Trest talks about trees in this collection with the kind of affection that makes you appreciate them differently the next day. “I love the way that a tree is symmetrical, but not,” he says. “It’s one of those ways that I get to break symmetry, just through the organic nature of how a tree branches.” It’s an argument against perfection, proof that balance does not require mirroring. Trest understands this, and he paints it into form.s
But leave symmetry untouched, and it becomes wallpaper—pretty, perhaps, but passive. So Trest follows nature’s lead. He breaks it up with the unexpected—a change in color, the addition of a small bright red ladybug, or a sudden change in pattern. “When you break symmetry,” he says, “then you get movement. It helps your eye move through the canvas.”

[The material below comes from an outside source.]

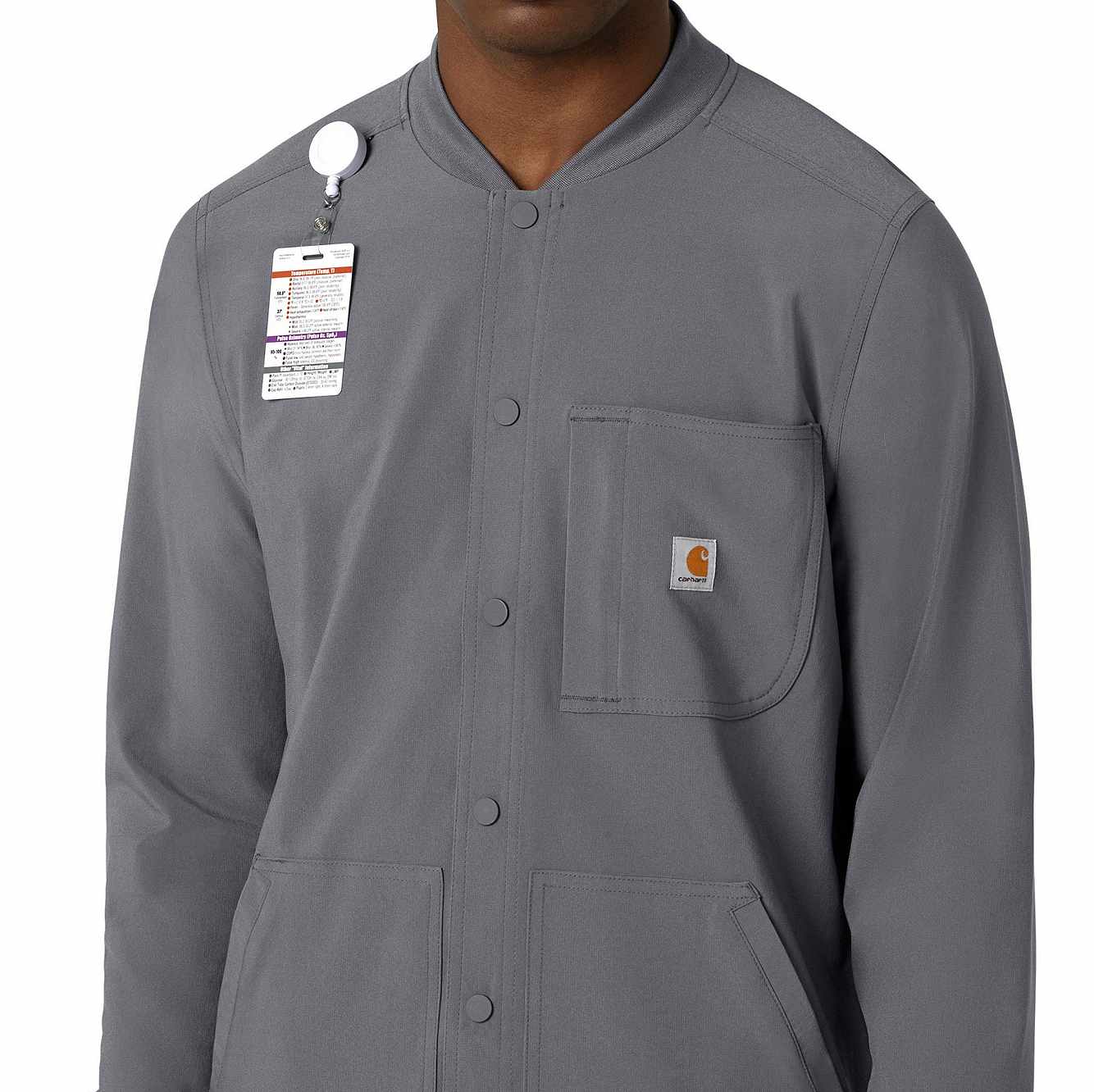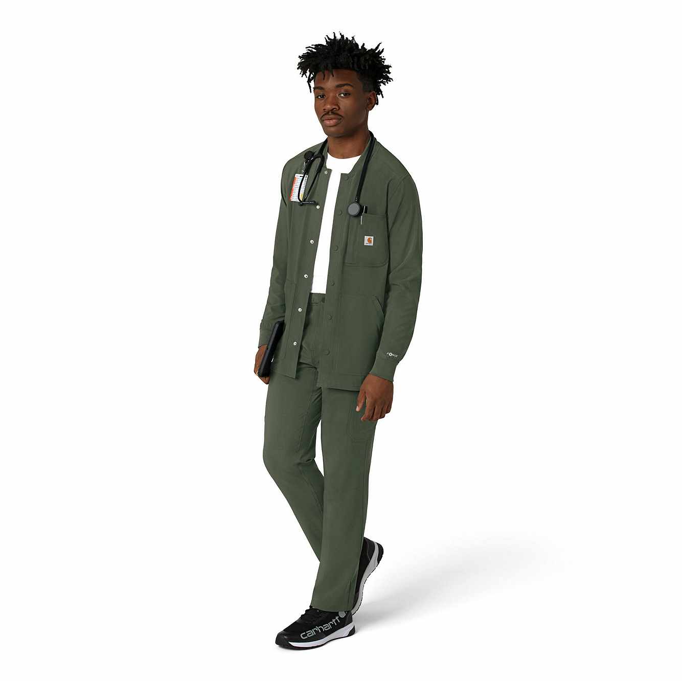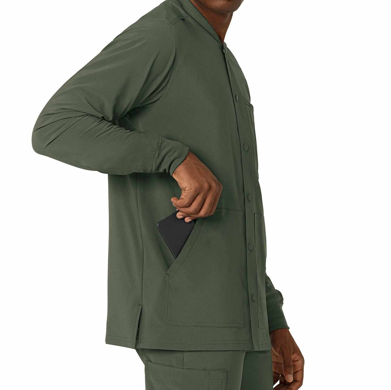 Versatility is the name of your game. You're always ready to switch gears, whether it's completing your own tasks or helping your fellow nurses with theirs. This men's shirt jacket does the same, blending the polished style of a shirt with the coverage of a jacket. It's the perfect layer for days when temperatures fluctuate or the air conditioning varies from room to room. Built for durability, it's made with a stretchy, comfortable fabric that includes micro ripstop to handle the rigors of your daily life at work. A knit collar and snap-button front accent the design for a cozy touch that adds just the right amount of tailoring. Keep everything where you need it with a chest pocket built with a pen slot plus internal loops for your badge or glasses. The lower front pockets are oversized, and there's even a pocket just for your phone for fumble-free access. This shirt jacket is part of our Force Cross-Flex collection, designed to help you excel on every shift. It wicks sweat and dries fast, and it's built to move with Rugged Flex™ stretch technology.

A dandelion becomes his perfect example, because the dandelion is a whole life cycle in one plant. It transforms from yellow bloom, to puffball, to wish. It is equal parts a reminder of childhood nostalgia, impermanence, and movement. “If I have a symmetrical canvas full of dandelions, and then all of a sudden one of them is getting blown away, that becomes a piece of art and not a piece of wallpaper. Because then we’re telling a story.”
Trest creates art the way some people cook. His sketchbook, where he has built a whole world, is his recipe, but he isn’t scared to depart from it. When it is time to commit, he commits with paint. “I don’t draw on my canvases,” he says. “I just go straight in with paint. Nothing is really set in stone until paint hits the canvas.”
He describes the process like someone describing a dance they know by heart: paint the subject, paint the background around the subject to refine the shape. Revise, return, and refine again. The painting becomes itself through a constant push and pull.
And then there is color, which is his calling card. “I use a very structured palette,” he says. “It really comes down to color theory and understanding that the way colors sit next to each other affects how they are. Almost every piece that I do is an experiment in color.”
Flatness, too, is intentional for Trest. There is very little perspective or overlap. Shapes sit beside shapes like tiles or a quilt. That flatness gives color the starring role. It decides what advances and what recedes.
Even after a style has settled into something recognizable, Trest still seeks the productive constraint, the art-school assignment. That is why he is excited about hand-pulled serigraphs, where every color is a new screen, and simplicity becomes a puzzle.
“Can I do this in two colors? Can I do it in three?” he asks. “How complex can it be? How simple should it be?”
By the end of our conversation, what stayed with me was not a single raccoon or dandelion. It was the intention behind Trest’s work: a refusal to sneer at the ordinary or undignified. A decision to look closer, with an eye towards beauty.
Trest paints the bandits and the weeds because he thinks we need them. Not in our trash cans, necessarily, but in our imagination. He is doing, with paint, what gardeners do with soil: turning seeds into flowers, making the world a more colorful place, and leaning into the whimsical.
And if you find yourself, after reading this, looking at a dandelion in your yard with new respect, consider that the point. Consider it a small act of surrender to beauty. Pick up that dandelion, take a close look at the beauty of its design, blow, and make a wish.